In Pokémon TCG Pocket, Sudowoodo's card became an important one in competitive play, due in large part to the strength and popularity of the Arceus EX card that Sudowoodo was effective against due to a combination of Sudowoodo's enhanced damage against EX Pokémon, Arceus' weakness to Fighting-type Pokémon, and the speed by which the player can deploy and prep Sudowoodo to attack. GamesRadar+ writer Catherine Lewis expressing her appreciation for Sudowoodo's use and popularity. Following its popularity in the meta, fans created memes surrounding it.
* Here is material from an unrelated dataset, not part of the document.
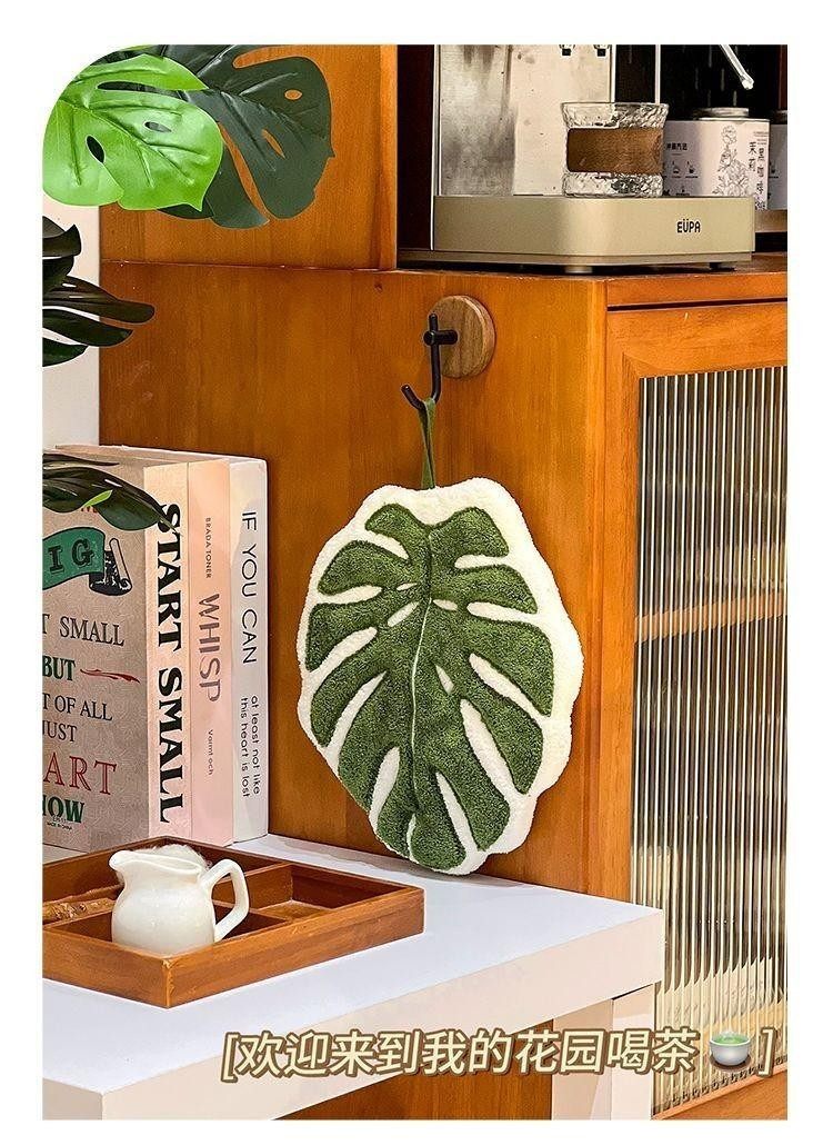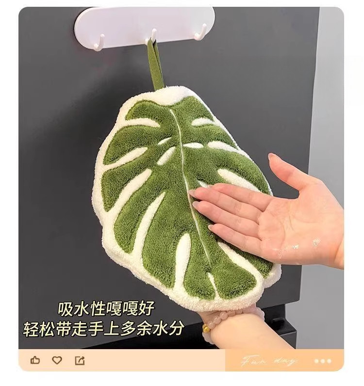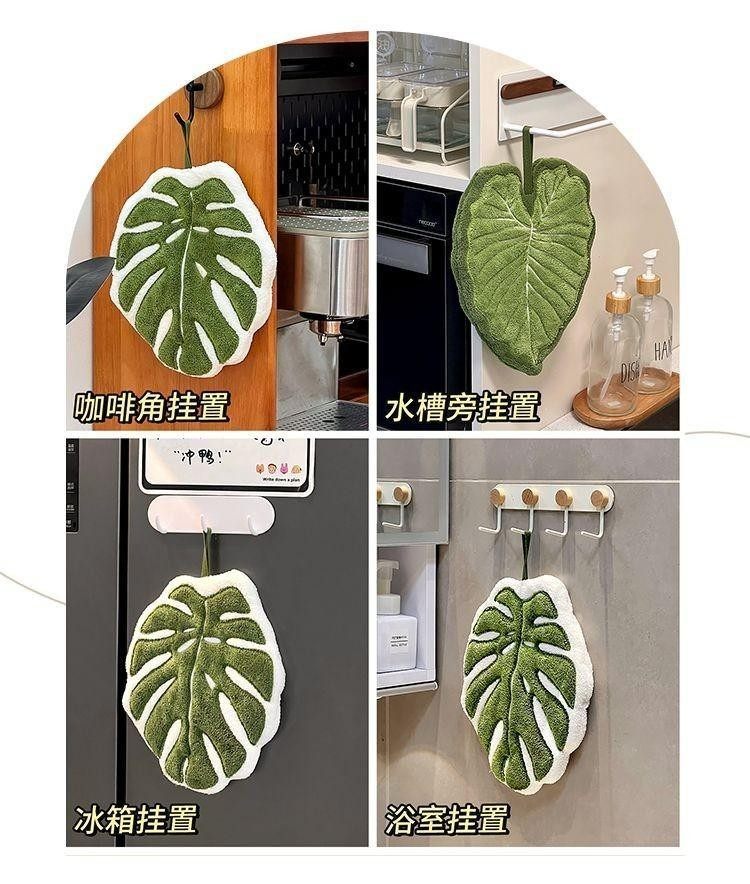 珊瑚絨家用廚房掛式擦手巾擦手帕擦手毛巾創意葉子吸水速乾加厚

Music producer Simon Ebener-Holscher named his band after the German name for Sudowoodo, Moglebaum, commenting on how it is both "tricky and cunning" despite not being a powerful Pokémon and stating that he chose the name due to his interest in fantasy worlds. Vice writer Rachael D'Amore discussed how the sounds of Moglebaum's music fit well with the concept behind Sudowoodo, citing his use of field samples. The Italian band Pinguini Tattici Nucleari featured a song named "Sudowoodo" after the Pokémon in the album Diamo un calcio all'aldilà. Both the song title and lyrics were based on the "ambiguous" nature of the Pokémon, the band stating that it touches on themes of adolescence and the "cult of appearances." They also stated that they were "proud" of making the first song named after Sudowoodo. According to author Antonello Lopizzo, the song suggests Sudowoodo is victim to the "insensitivity" of Pokémon fans, misunderstood and miscategorized.